7 out of 14 tests produce incorrect results (verified with os.urandom)

# Bug Report: 7 out of 14 tests produce incorrect results (verified with os.urandom)

## Summary

Multiple tests in nistrng v1.2.3 produce **incorrect p-values for all inputs**, including cryptographically secure random data (`os.urandom`).
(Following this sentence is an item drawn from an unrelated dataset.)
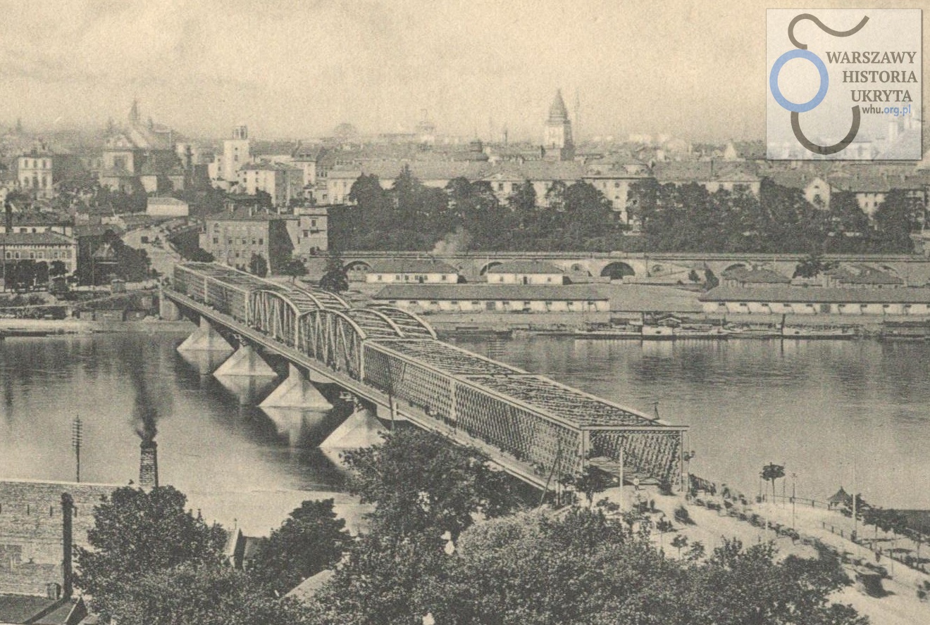5 sierpnia 1915 około godz. 6 rano dwa środkowe przęsła mostu zostały wysadzone przez wycofujące się z Warszawy wojska rosyjskie. Na pocztówce most już odbudowany. Widać dwie wyróżniające się kratownice o parabolicznym kształcie.

This was discovered by running the test suite against 5 different inputs as a cross-validation:

| Input | Expected | nistrng Result | Correct Result |
|-------|----------|---------------|----------------|
| `os.urandom()` (CSPRNG) | ~14/14 PASS | **7/14** | 14/14 PASS |
| AES-256 encrypted data | ~14/14 PASS | **7/14** | 14/14 PASS |
| Unencrypted JPEG | ~0/14 PASS | 0/14 | 0/14 PASS |

The 7 broken tests fail identically regardless of input data, producing the same wrong p-values for true random data as for encrypted data.

## Environment

- nistrng version: 1.2.3
- Python: 3.14 (Windows)
- numpy: 2.x
- scipy: 1.17.1
- Test method: 10 samples of 1,000,000 bits each

## Bug 1: Approximate Entropy — `min` and `max` swapped (CRITICAL)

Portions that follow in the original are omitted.